What the Sun looks like in different wavelengths
View of the Sun in different wavelengths

We are still not able to see radio waves, or any other kind of electromagnetic waves, with our own eyes for now. But we can build devices that can do it and translate it for us. In a way, we can already see the unseeable.

The question remains: what is the colour of radio waves?

Does a person able to see the whole electromagnetic spectrum see the same colours we do but expanded to the whole range? Does it make him see more shades than us? Or does he see colours we can’t even imagine?

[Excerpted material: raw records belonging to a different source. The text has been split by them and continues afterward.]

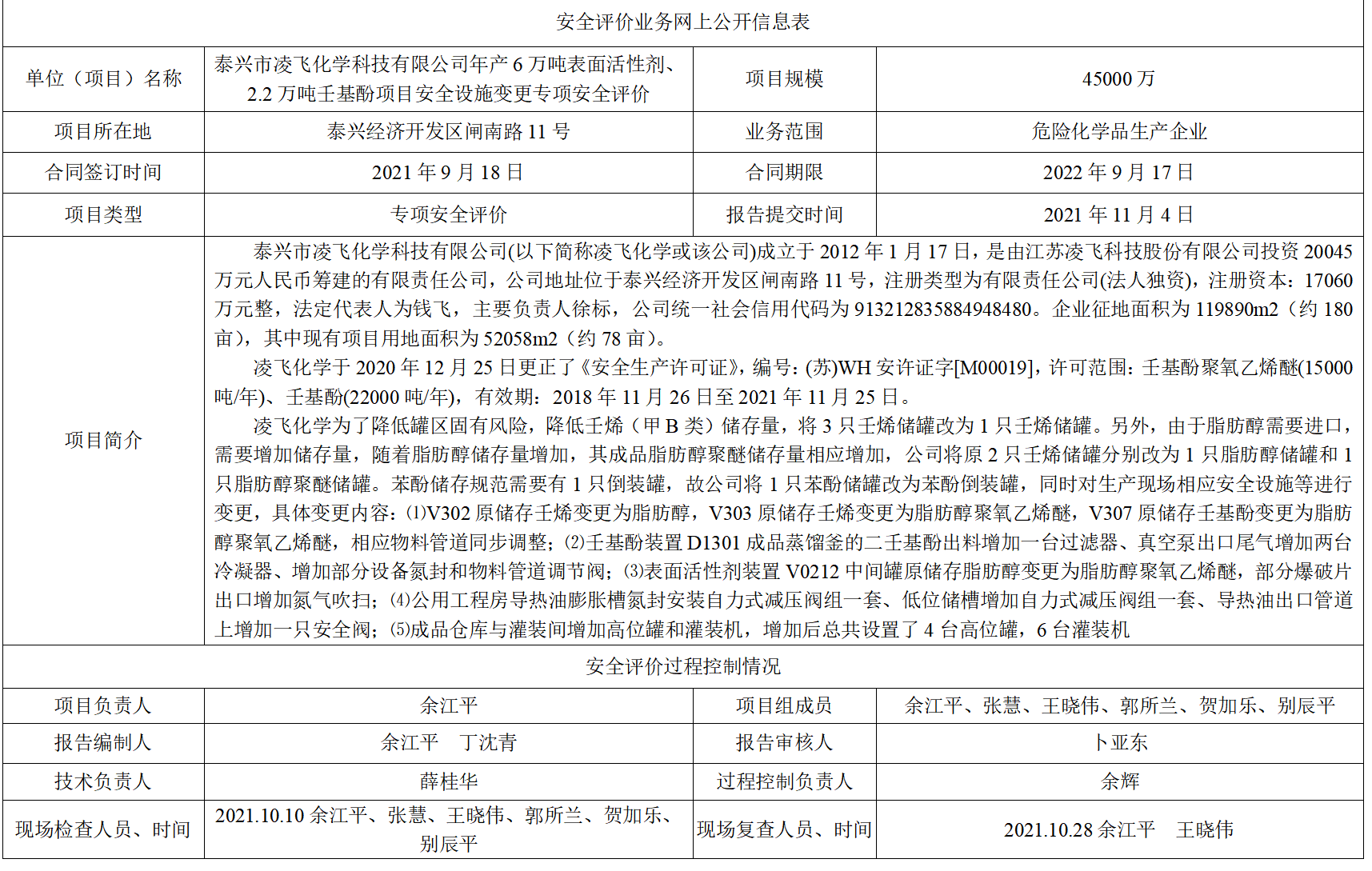 泰兴市凌飞化学科技有限公司年产6万吨表面活性剂、2.2万吨壬基酚项目安全设施变更专项安全评价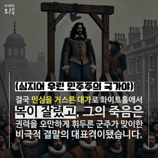 찰스 1세는 세금 징수 승인 권한을 가진 의회를 적으로 돌리고, 군사력을 동원해 권력을 지키려 했다. 결국 민심을 거스른 대가로 화이트홀에서 목이 잘렸는데 그의 죽음은 권력을 오만하게 휘두른 군주가 맞이한 비극적 결말의 대표격이다.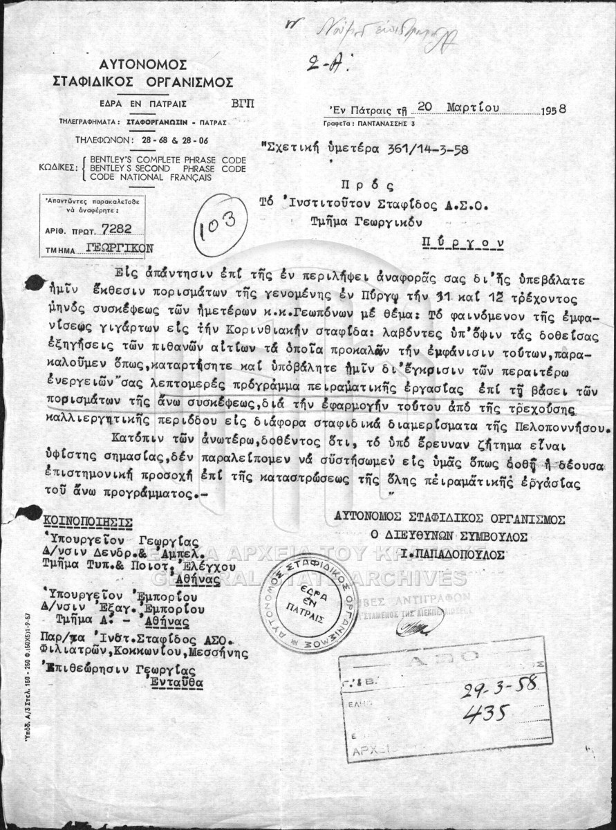 [Fonds] GRGSA-ILE_ADM007 ΙΝΣΤΙΤΟΥΤΟ ΣΤΑΦΙΔΑΣ / ΠΕΡΙΟΔΙΚΟ ΕΡΓΑ [1908 - 1992] Contents: |

This waves have a colour we never perceived. Colour is a way of the brain to interpret what the eye sees. Imagining a new colour is an impossible task. It is easier to know and understand what a colourblind person is able to see. Therefore, these questions might never be answered properly as long as no-one has experienced it.


[1] Color | Definition, Perception, Types, & Facts | Britannica.com, https://www.britannica.com/science/color

[2] Maxwell, J. Clerk (1 January 1865). “A Dynamical Theory of the Electromagnetic Field”. Philosophical Transactions of the Royal Society of London. 155: 459–512. doi:10.1098/rstl.1865.0008.

[3] All You Need Is Science, PET imaging: radioactivity to see inside the body

[4] Ali, M. A. (Mohamed Ather) & Klyne, M. A (1985). Vision in vertebrates. Plenum Press, New York, ISBN: 0306420651

[5] Thorn, Hanne H.; How, Martin J.; Chiou, Tsyr-Huei; Marshall, Nicholas Justin (January 24, 2014). “A Different Form of Color Vision in Mantis Shrimp”. Science. 334 (6169): 411–413. Bibcode:2014Sci…343..411T. doi:10.1126/science.1245824.